Word for word, restate each of the entries below, and drop every picture.
=== Begin Enclosure ===
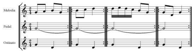
Figura 2. Ostinato melódico.

Canon es una pieza (Figura 3) de carácter contrapuntístico, basada en la imitación entre dos o más voces separadas por un intervalo temporal. Una parte vocal o instrumental interpreta una melodía y unos compases más, una segunda voz repite esa misma melodía de manera exacta o bien modificando su tonalidad u otros aspectos. En este proceso pueden participar más voces. Se empieza a trabajar en el segundo ciclo, aunque también existen cánones sencillos, que podemos utilizar en el primer ciclo.
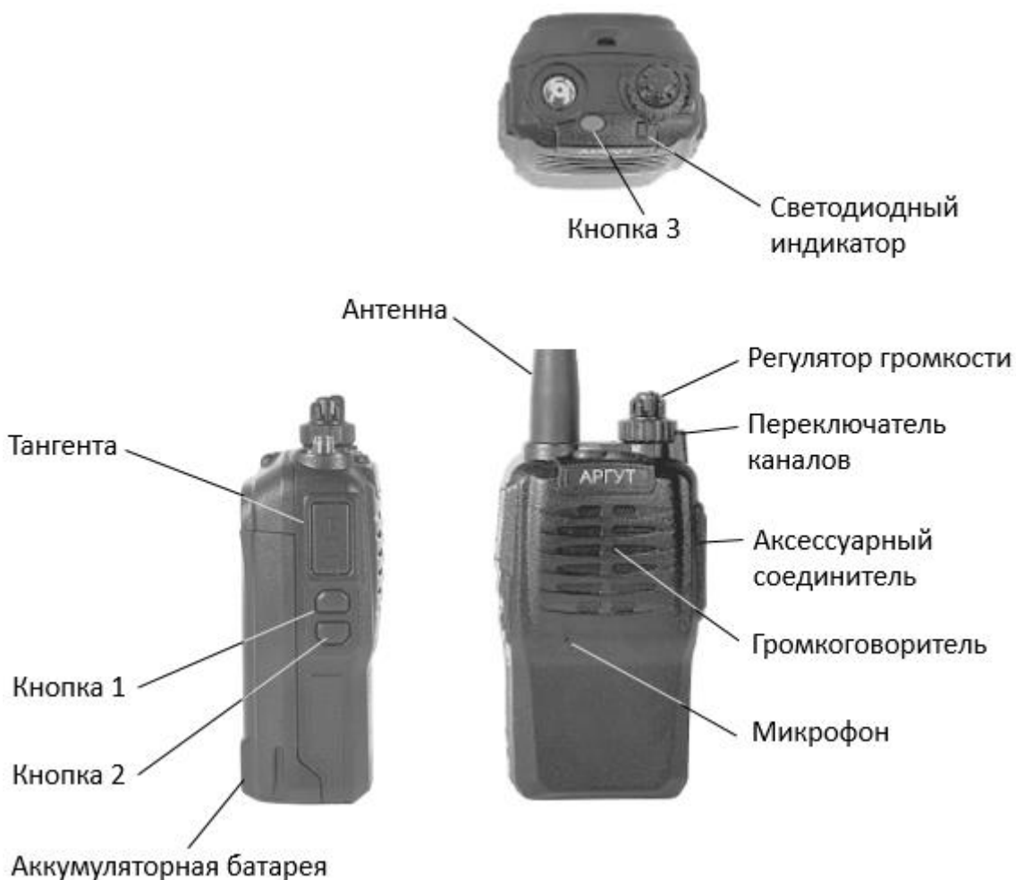
Рис. 1. Расположение органов управления, индикации и соединителей.

Радиостанция выполнена на металлическом шасси, в корпусе из ударопрочного пластика. Органы управления и индикации расположены на верхней и левой панелях корпуса. Соединитель антенны — на верхней панели. Соединитель подключения гарнитуры и кабеля программирования (аксессуарный соединитель) — на правой панели. Клеммы для присоединения к зарядной базе — на задней стенке аккумуляторной батареи.
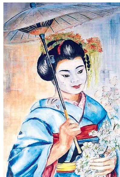
in aller Welt.
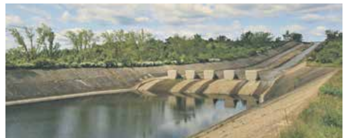
SKLUZ na vodním díle Nechranice.

Zpřístupněna budou vodní díla Skalka, Stanovice, Chřibská. Den otevřených dveří je tradičním prvkem, který má v letošním roce také vazbu na Dny evropského dědictví a u té příležitosti bude zpřístupněno vodní dílo Nechranice, které v letošním roce slaví 50 let od zprovoznění.
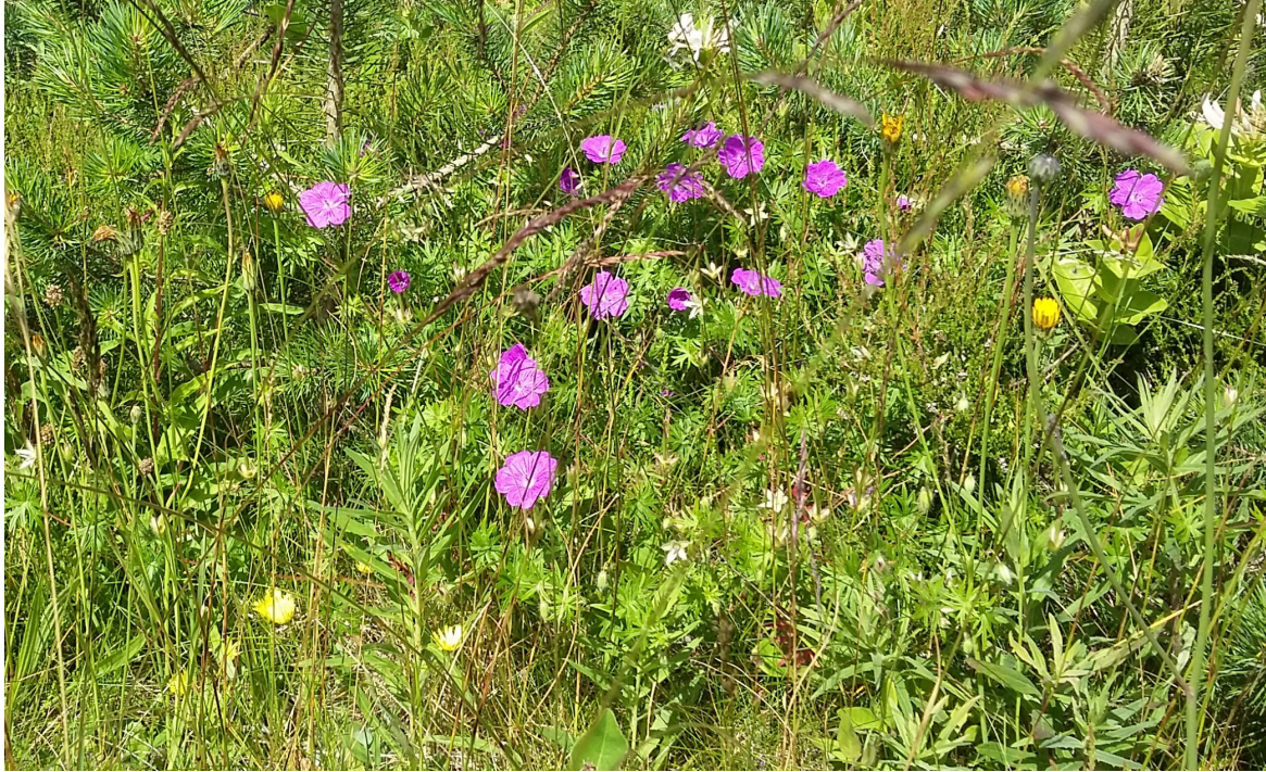
Figur 10. På Spornes i tørrenga rett ved bunkers, innimellom småfuruer og kratt, vokser det bl.a. blodstorknebb, smalkjempe, skjermesveve, prestekrage, legeveronika og føllblom.
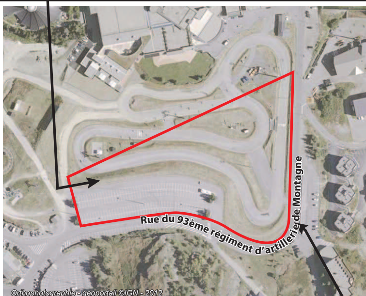
Orthophotographie - geoportail ©IGN - 2012
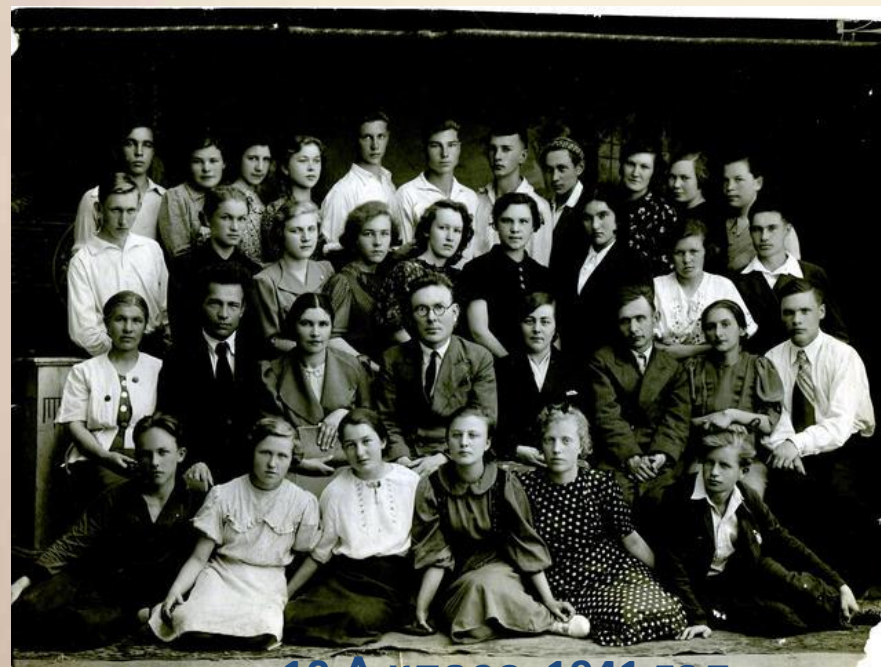
10 А класс, 1941 год Школа №30 г. Ижевска
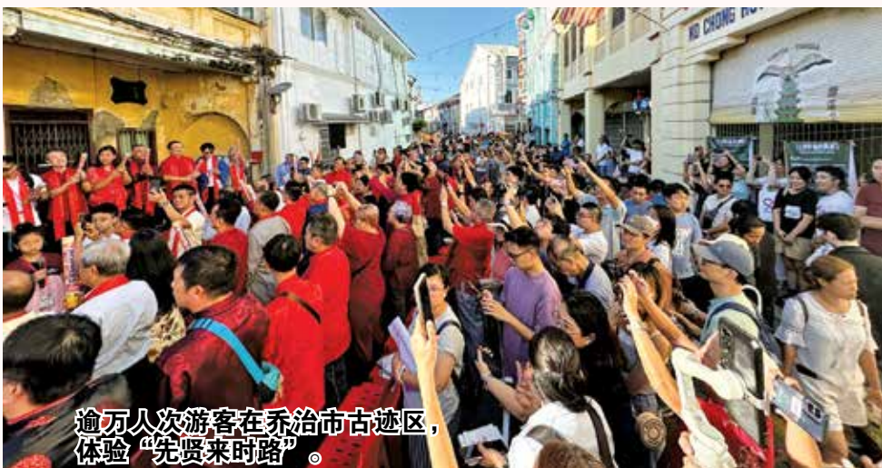
逾万人次游客在乔治市古迹区，体验“先贤来时路”。

日，能让民众有机会聆听早期历史故事，并怀着感恩的心，走过先贤在槟州的心路历程，并从他们故事中获得启迪和力量。
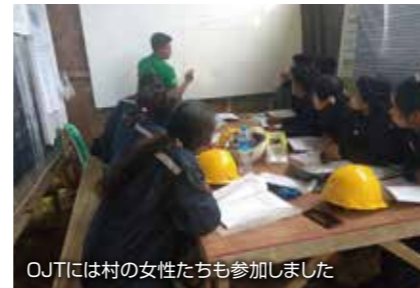
OJTには村の女性たちも参加しました
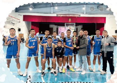
113.09第四屆青埔盃邀請賽亞軍
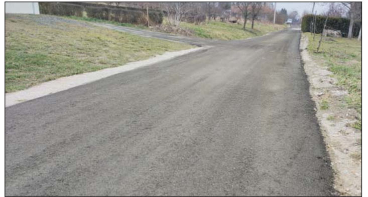
A hegyi utakról sem feledkeznek el.
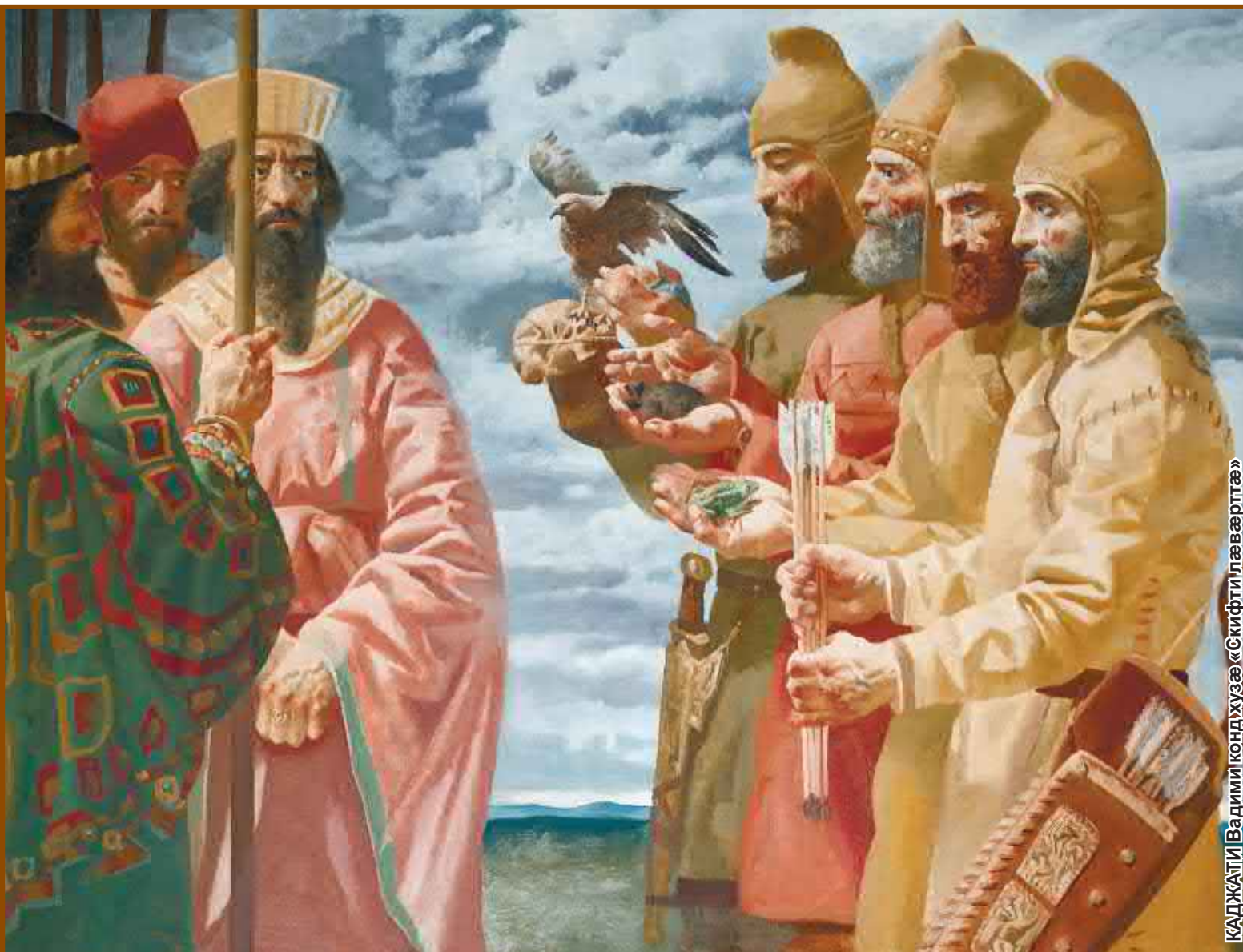
КАДЖАТИ Вадими кондхузæ «Скифти лæвæрттæ»
=== End Enclosure ===
- **RESPONSE BELOW**
Figura 2. Ostinato melódico.

Canon es una pieza (Figura 3) de carácter contrapuntístico, basada en la imitación entre dos o más voces separadas por un intervalo temporal. Una parte vocal o instrumental interpreta una melodía y unos compases más, una segunda voz repite esa misma melodía de manera exacta o bien modificando su tonalidad u otros aspectos. En este proceso pueden participar más voces. Se empieza a trabajar en el segundo ciclo, aunque también existen cánones sencillos, que podemos utilizar en el primer ciclo.
Рис. 1. Расположение органов управления, индикации и соединителей.

Радиостанция выполнена на металлическом шасси, в корпусе из ударопрочного пластика. Органы управления и индикации расположены на верхней и левой панелях корпуса. Соединитель антенны — на верхней панели. Соединитель подключения гарнитуры и кабеля программирования (аксессуарный соединитель) — на правой панели. Клеммы для присоединения к зарядной базе — на задней стенке аккумуляторной батареи.
in aller Welt.
SKLUZ na vodním díle Nechranice.

Zpřístupněna budou vodní díla Skalka, Stanovice, Chřibská. Den otevřených dveří je tradičním prvkem, který má v letošním roce také vazbu na Dny evropského dědictví a u té příležitosti bude zpřístupněno vodní dílo Nechranice, které v letošním roce slaví 50 let od zprovoznění.
Figur 10. På Spornes i tørrenga rett ved bunkers, innimellom småfuruer og kratt, vokser det bl.a. blodstorknebb, smalkjempe, skjermesveve, prestekrage, legeveronika og føllblom.
Orthophotographie - geoportail ©IGN - 2012
10 А класс, 1941 год Школа №30 г. Ижевска
逾万人次游客在乔治市古迹区，体验“先贤来时路”。

日，能让民众有机会聆听早期历史故事，并怀着感恩的心，走过先贤在槟州的心路历程，并从他们故事中获得启迪和力量。
OJTには村の女性たちも参加しました
113.09第四屆青埔盃邀請賽亞軍
A hegyi utakról sem feledkeznek el.
КАДЖАТИ Вадими кондхузæ «Скифти лæвæрттæ»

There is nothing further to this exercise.